Joseph St.Amand (University of Kansas);Jun Huan (University of Kansas)
Mahalanobis distance metric learning becomes an especially challenging problem as the dimension of the feature space p is scaled upwards. The number of parameters to optimize grows with O (p 2 ) complexity, making storage infeasible, interpretability poor, and causing the model to have a high tendency to overfit. Additionally, optimization while maintaining feasibility of the solution becomes prohibitively expensive, requiring a projection onto the positive semi-definite cone after every iteration. In addition to the obvious space and computational challenges, vanilla distance metric learning is unable to model complex and multi-modal trends in the data.

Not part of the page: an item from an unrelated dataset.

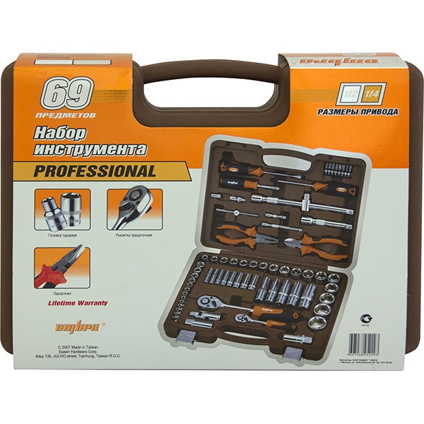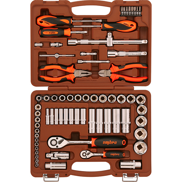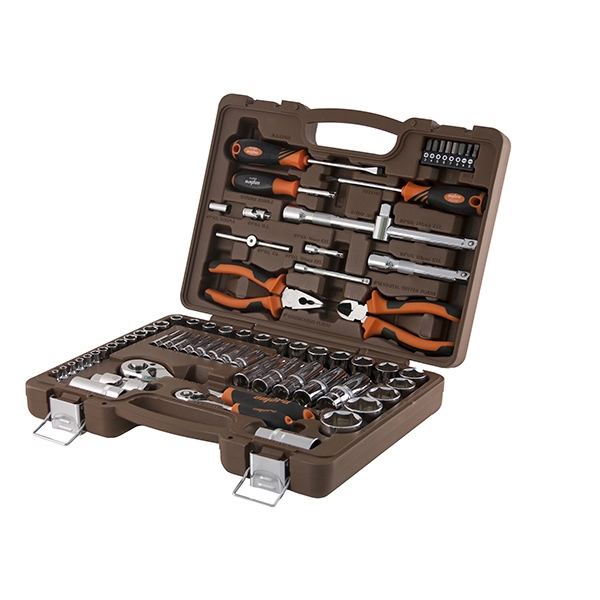 Головки торцевые 1/4"DR, 13 шт.: 4, 4.5, 5, 5.5, 6, 7, 8, 9, 10, 11, 12, 13, 14 мм; Головки торцевые глубокие 1/4" 8 шт. 6, 7, 8, 9, 10, 11, 12, 13 мм; Удлинитель 1/4"DR, 50 мм; Удлинитель 1/4"DR, 100 мм; Рукоятка трещоточная 1/4"DR, 72 зубца; Вороток Т-образный 1/4"DR, 120 мм; Шарнир карданный 1/4"DR; Рукоятка отверточная 1/4"DR; Переходник для вставок-бит 1/4"DR*1/4"HDR; Вставки-биты 1/4"DR крестовые (PH), 25 мм, 2 шт.: PH3, PH4; Вставки-биты 1/4"DR шлицевые (SL), 25 мм, 2 шт.: SL4, SL5; Вставки-биты 1/4"DR шестигранные (H), 25 мм, 4 шт.: H5, H6, H7, H8; Головки торцевые 1/2"DR, 17 шт.: 10, 11, 12, 13, 14, 15, 16, 17, 18, 19, 20, 21, 22, 24, 27, 30, 32 мм; Головки торцевые глубокие 1/2" 5 шт. 14, 15, 17, 19, 22 мм; Удлинитель 1/2"DR, 125 мм; Удлинитель 1/2"DR, 250 мм; Головка торцевая свечная 1/2"DR, 16 мм; Головка торцевая свечная 1/2"DR, 21 мм; Рукоятка трещоточная 1/2"DR, 72 зубца; Шарнир карданный 1/2"DR; Переходник 3-х сторонний 1/2"DR; Отвертка стрежневая крестовая BASIC, РН2х100 мм; Отвертка стрежневая шлицевая BASIC, SL6.5х100 мм; Бокорезы, 160 мм; Пассатижи, 160 мм; Кейс пластиковый для набора.

Inspired by the recent resurgence of Frank-Wolfe style optimization, we propose a new method for sparse compositional local Mahalanobis distance metric learning. Our proposed technique learns a set of distance metrics which are composed of local and global components. We capture local interactions in the feature space, while ensuring that all metrics share a global component, which may act as a regularizer. We optimize our model using an alternating pairwise Frank-Wolfe style algorithm. This serves a dual purpose, we can control the sparsity of our solution, and altogether avoid any expensive projection operations. We conduct an empirical evaluation of our technique on 5 separate datasets and find that in some cases our proposed technique is capable of outperforming current state of the art methods.